You will notice that some items are an array, such as meeting_sex, meeting_for current_location. I am just curious, do you think they are storing this as an array in mysql or just returning it as one, from this data it really makes me think it is stored as an array. IF you think it is, or if you have done similar, what is a good way to store these items as an array into 1 table field and then retrieve it as an array on a PHP page?
alt text http://img2.pict.com/3a/70/2a/2439254/0/screenshot2b187.png
The correct way to store an array in a database is by storing it as a table, where each element of the array is a row in the table.
Everything else is a hack, and will eventually make you regret your decision to try to avoid an extra table.
There are two options for storing as an array:
The first, which you mentioned, is to make one, or several, tables, and enumerate each possible key you intend to store. This is the best for searching and having data that makes sense.
However, for what you want to do, use serialize(). Note: DO NOT EVER EVER EVER try to search against this data in its native string form. It is much faster (and saner) to just reload it, call unserialize(), and then search for your criteria than to develop some crazy search pattern to do your bidding.
EDIT: If it were me, and this were something I was seriously developing for others to use (or even for myself to use, to be completely honest), I would probably create a second lookup table to store all the keys as columns; Heck, if you did that, mysql_fetch_assoc() could give you the array you wanted just by running a quick second query (or you could extract them out via a JOINed query). However, if this is just quick-and-dirty to get whatever job done, then a serialized array may be for you. Unless you really, really don't care about ever searching that data, the proper column-to-key relationship is, I think most would agree, superior.

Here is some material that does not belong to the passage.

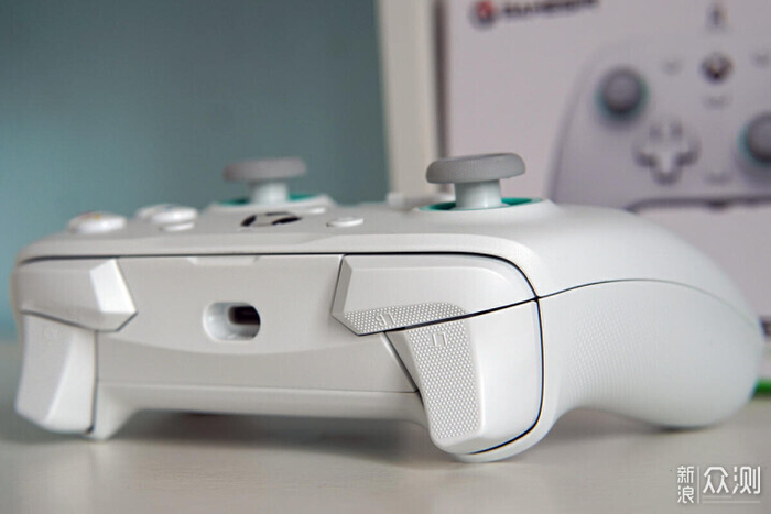 G7SE游戏手柄的底部搭载两个支持自定义背键,可以在APP中设置,满足玩家的自身喜好和游戏习惯。还配有全新的双背键锁定开关,每颗背键都有一个独立的背锁键,游戏玩家可根据游戏的类型,按照自己的实际需要来选择背键是否开启,这样以来,就能有效避免误操作,虽然是微小的改动,但却在实际游戏中,提供了不小的助力!

I guarantee you that Facebook is not storing that data in arrays inside their database.
The thing you have to realize about FQL is that you are not querying Facebook's main data servers directly. FQL is a shell, designed to provide you access to basic social data without letting you run crazy queries on real servers that have performance requirements. Arbitrary user-created queries on the main database would be functional suicide.

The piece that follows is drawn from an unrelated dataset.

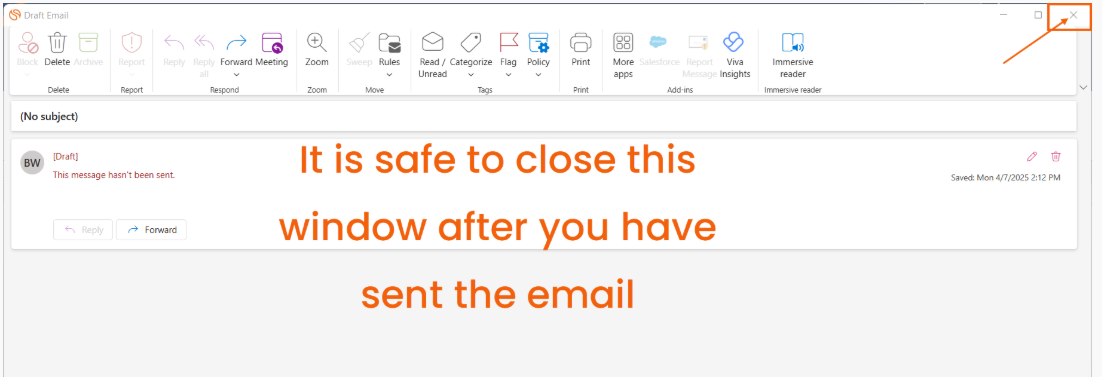 Tip:  You will be redirected to the New Draft Email window after sending. This is expected behavior and it is safe to close that window at this point. If you don't close the window, it will automatically close after a few seconds. Disregard the "[Draft] This message hasn't been sent." messaging.

FQL provides a well-designed data return structure that is convenient for the type of data that you are querying, so as such, any piece of data that can have multiple associations (such as "meeting_for") gets packaged into an array before it gets returned as an API result.
As other posters have mentioned, the only way to store a programming language structure (such as an array or an object) inside a database (which has no concept of these things), is to serialize it. Serializing is expensive, and as soon as you serialize something, you effectively make it unusable for indexing and searching. Being a social network, Facebook needs to index and search almost everything, so this data would never exist in array form inside their main schemas.

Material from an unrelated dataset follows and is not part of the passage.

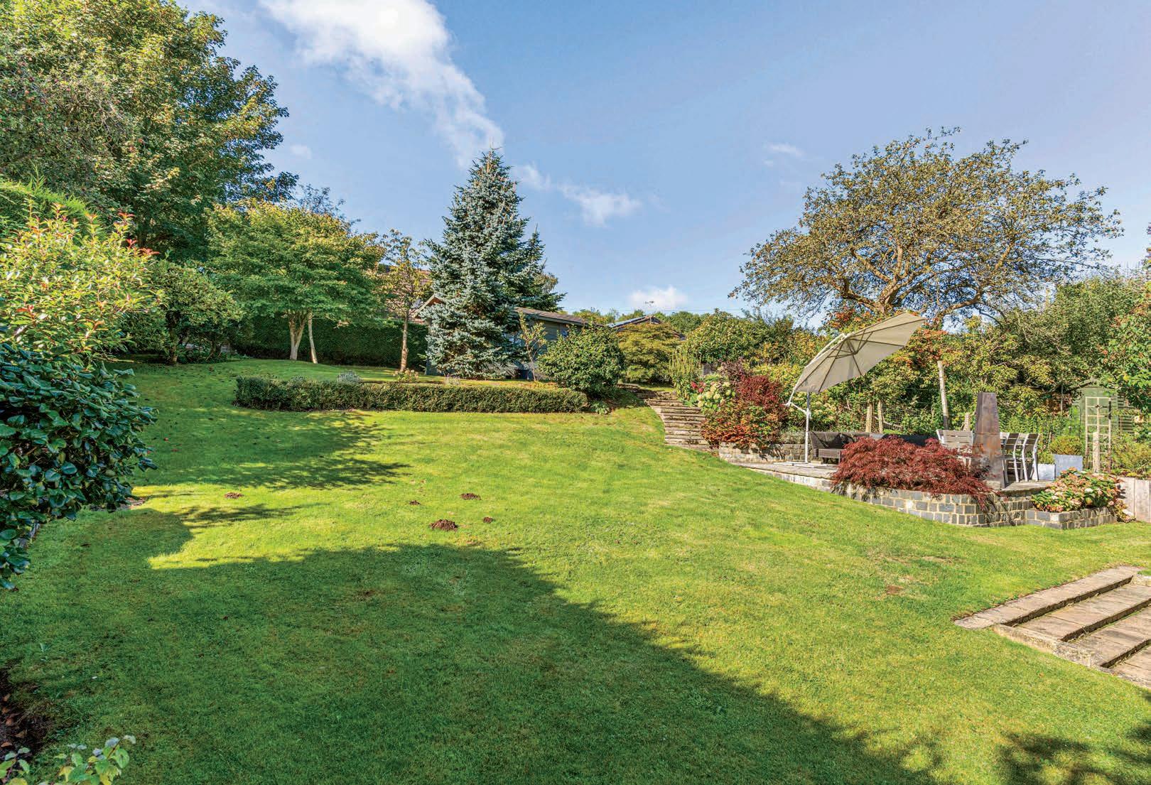 The first thing you notice when you step onto the patio is the whole garden! With its graduated slope, you are offered a view of the whole property. You can appreciate the established trees and shrubs which border and enhance this beautiful garden. There is a barbeque area tucked away on the left, and a generous terrace on the right with plenty of room for comfortable sun lounging and al fresco dining. Moving up the garden steps you have a handy storage shed, which could easily be converted into a garden cabin, with a utility space and children’s treehouse hidden away in the corner. From this viewpoint, the slate grey glazing really stands out against the white render and makes for a very attractive house.

Usually the only time you ever want to store serialized data inside a database is if it's temporary, such as session data, or where you have a valid performance requirement to do so. Otherwise, your data quickly becomes useless.
Split it out into other tables. You can serialize it but that will guarantee that you will want to query against that data later. Save yourself the frustration later and just split it out now.
you can serialize the array, insert it, and then unserialize it when you retrieve it.
They might be using multiple tables with many-to-many relationships, but use joins and MySql's GROUP_CONCAT function to return the values as an array for those columns in one query.